3.11.3 活動的火山における多項目観測研究

地震研究所では,文部科学省科学技術・学術審議会が5年ごとに関係大臣に建議する研究計画に基づき,火山噴火予測に関連する観測研究を全国の大学・研究機関と協力し,その中核となって実施している.この研究計画は,その前身の火山噴火予知計画から約半世紀の間,その内容を学術の進歩に合わせて変更しながら継続してきた.火山噴火は発生すると大きな被害をもたらすが,発生頻度が低いため,長期の観測データの蓄積が不可欠であり,この50年弱のうち,特に最初の約20年間は火山観測網の充実が図られ,さらに研究者及び観測を支える技術職員が増員され,日本の火山学の進展に大きく貢献してきた.最新の研究計画は2019年1月に建議され,2019年4月から5年間に渡り実施中の「災害の軽減に貢献する地震火山観測研究計画(第2次)」である.この計画は前計画に引き続き火山災害の軽減を目指して,観測,実験,理論の各手法を用いて火山現象の解明とその成果に基づく火山噴火予測に関する研究行なうことになっている.現建議において火山の研究に関して特筆すべき点として2つ挙げることができる.一つは,火山噴火予測の精度向上を目指すために火山活動推移モデルの構築を重点的研究とした点である.もう一つは,2014年9月に発生した御嶽山噴火で多くの犠牲者が出たことを重視し,観光地となっていて登山客や観光客が火口近傍まで訪れる火山については,小規模な噴火であっても大きな災害を引き起こす火山噴火であるとして「高リスク小規模火山噴火」と位置づけ,地球物理学観測だけでなく,地球化学,地質学,史料研究を含めて包括的な研究を実施することを打ち出した点である.

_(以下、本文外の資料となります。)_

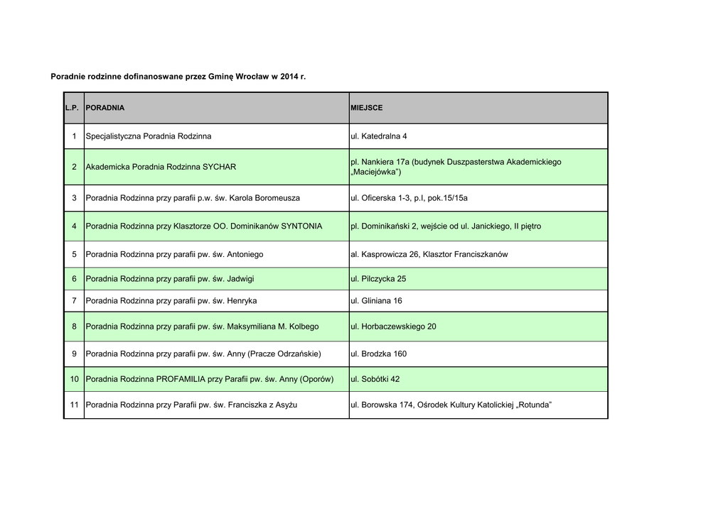 Poradnie rodzinne dofinanoswane przez Gminę Wrocław w 2014 r. L.P. PORADNIA MIEJSCE 1 Specjalistyczna Poradnia Rodzinna ul. Katedralna 4 2 Akademicka Poradnia Rodzinna SYCHAR pl. Nankiera 17a (budynek Duszpasterstwa Akademickiego „Maciejówka”) 3 Poradnia Rodzinna przy parafii p.w. św. Karola Boromeusza ul. Oficerska 1-3, p.I, pok.15/15a 4 Poradnia Rodzinna przy Klasztorze OO. Dominikanów SYNTONIA pl. Dominikański 2, wejście od ul. Janickiego, II piętro 5 Poradnia Rodzinna przy parafii pw. św. Antoniego al. Kasprowicza 26, Klasztor Franciszkanów 6 Poradnia Rodzinna przy parafii pw. św. Jadwigi ul. Pilczycka 25 7 Poradnia Rodzinna przy parafii pw. św. Henryka ul. Gliniana 16 8 Poradnia Rodzinna przy parafii pw. św. Maksymiliana M. Kolbego ul. Horbaczewskiego 20 9 Poradnia Rodzinna przy parafii pw. św. Anny (Pracze Odrzańskie) ul. Brodzka 160 10 Poradnia Rodzinna PROFAMILIA przy Parafii pw. św. Anny (Oporów) ul. Sobótki 42 11 Poradnia Rodzinna przy Parafii pw. św. Franciszka z Asyżu ul. Borowska 174, Ośrodek Kultury Katolickiej „Rotunda” 12 Fundacja „Sancta Familia” Poradnia Rodzinna ul. Monte Cassino 64 13 Stowarzyszenie Katolicki Ruch Antynarkotyczny „KARAN” ul. Skoczylasa 8 14 Poradnia Rodzinna przy Fundacji Evangelium Vitae ul. Rydygiera 22-28 15 Poradnia Rodzinna - Fundacja Akita ul Kochanowskiego 34/2 16 Stowarzyszenie APERIAMUS – Wspieranie Rozwoju Osobowego ul. Jedności Narodowej 85/1 17 Stowarzyszenie Psychoedukacji i Terapii „EVOLUTIO” ul. Legnicka 55/5 18 Punkt Poradnictwa i Terapii Rodzinnej „ISKIERKA” pl. św. Macieja 7 19 Fundacja na rzecz Edukacji i Zdrowia DARUMA ul. Bednarska 3/2, Ośrodek Terapeutyczny "Harmonia" 20 Towarzystwo Rozwoju Rodziny Oddział Wojewódzki we Wrocławiu ul. Zelwerowicza 4 oraz ul. Podwale 74 of. 23 21 Wrocławskie Stowarzyszenie na Rzecz Dzieci i Młodzieży „BAJKA” ul. Kwiska 5/7, lok. 216 22 Fundacja IN POSTERUM ul. Strzegomska 7 23 Poradnia rodzinna „Pod Lwami” Demokratyczna Unia Kobiet - Klub Wrocławski 24 Fundacja „Dajmy Szansę” ul. Zelwerowicza 16/18, lokal 3 ul. Piłsudskiego 95, domofon 3 i 4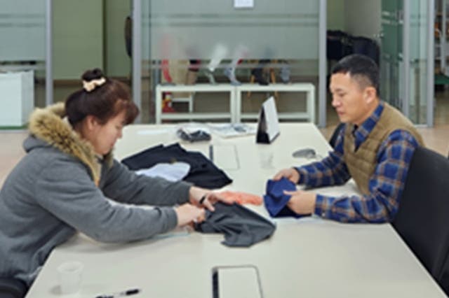 私の不便さはすぐに意志に変わり、着用していたパンツを直接改良してみたり、製作段階では私が改良したサンプルを基盤に直接的な生産参加につながりました。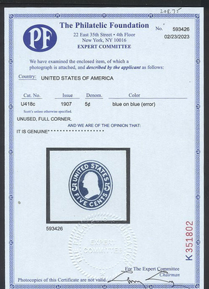 Scott #U418c: 5c Blue on Blue Error Centering & Condition: Unused. Extremely Fine and RARE Error. Reverse (Gum Side): N/A Faults / Imperfections: Negligible paper speck mentioned for accuracy The item pictured is the actual item you are purchasing, unless otherwise noted. I also offer an interest-free layaway plan. Ask me about it!" All items will be mailed a day or two after payment is received. --------------------------------------------------------------------------------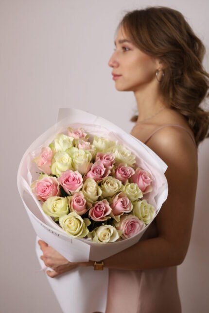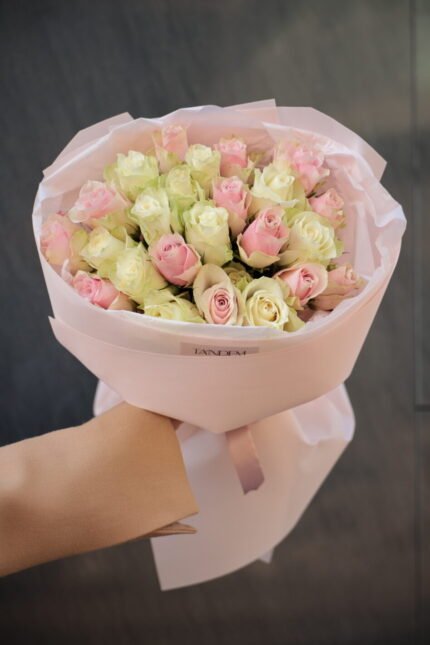 Оригінальна ціна: 8000 грн.6500 грнПоточна ціна: 6500 грн.Поєднання 25 білих та рожевих троянд Атена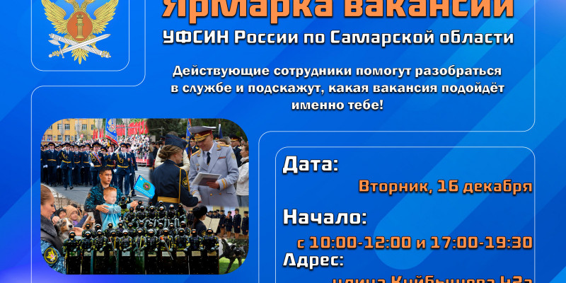 16 декабря в УФСИН России по Самарской области пройдёт ярмарка вакансий. Действующие сотрудники расскажут о специфике службы, ответят на вопросы и помогут подобрать подходящую вакансию. (18+)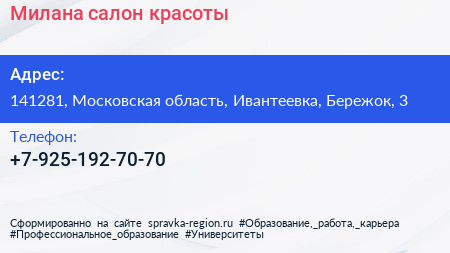 Милана, салон красоты по адресу 141281, Московская область, Ивантеевка, Бережок, 3 в дальнейшем Организация, размещена в следующих категориях:

当センターにおいては,長年継続して整備されてきた火山観測網やそれを支えるシステムの維持・強化を担っており,火山噴火予知研究センターをはじめとする他のセンター及び部門と協力し,観測に基づく火山噴火予測研究を実施している.火山噴火予測においては,噴火発生時の諸現象を精度良く捉えて噴火現象に関する新たな知見を得ることも重要であるが,火山噴火の準備段階は往々にして数十年を超える長期にわたることもあることから,長期にわたり観測を継続し,噴火に至るまでの火山内部のわずかな変化を捉え,その原因を科学的に解明することも極めて重要である.このようにして得られた火山活動に関する知見を火山噴火予測に活かすことが,火山噴火予測研究の重要な目的である.従来の火山噴火予測は,噴火に先行する現象に基づく経験則に大きく依存していた.火山噴火前のさまざまな火山現象を科学的に解明することによって,より普遍的かつ科学的な火山噴火予測に発展させることを目指すべきであり,そのためには精度の高い各種観測データを長期に安定して蓄積することが重要である.

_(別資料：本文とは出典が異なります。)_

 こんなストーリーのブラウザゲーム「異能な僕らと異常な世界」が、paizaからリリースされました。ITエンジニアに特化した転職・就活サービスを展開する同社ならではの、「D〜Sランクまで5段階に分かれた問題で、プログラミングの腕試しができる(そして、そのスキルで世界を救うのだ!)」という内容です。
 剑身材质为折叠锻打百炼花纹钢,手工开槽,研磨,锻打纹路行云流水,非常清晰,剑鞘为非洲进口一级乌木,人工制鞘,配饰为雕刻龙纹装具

本研究所では,これまでの「火山噴火予知計画」で観測網が整備された浅間山,伊豆大島,富士山,霧島山,三宅島の5火山を中心に長期的・継続的な観測を行っている.これらの火山においては,地震・地殻変動・全磁力変化・空振観測・熱映像・可視画像等の多項目の観測を行い,噴火に伴う諸現象,噴火前に起こる前兆現象を捉え,その物理・化学過程を明らかにする研究を実施している.また,この他の火山においても,他大学・機関との協力し様々な観測を実施している.ここでは主として,それぞれの火山における観測の現状と観測研究の目的や意義について述べる.

(1)浅間山

浅間山では,広帯域地震(17点),短周期地震(2点), GNSS(13点),傾斜(5点),全磁力(3点),空振(1点),熱映像(1点),可視画像(3点)の多項目観測を行い,浅間火山観測所と小諸火山観測所を拠点として観測網の維持管理を行っている.山頂付近のデータは無線LANによる中継あるいは光ファイバーを経て浅間火山観測所に集約され,本研究所までインターネット高速回線を用いて伝送されている.また,観測点の通信状況などに応じて 衛星回線や有線回線,携帯データ通信を利用したデータ転送も行われている.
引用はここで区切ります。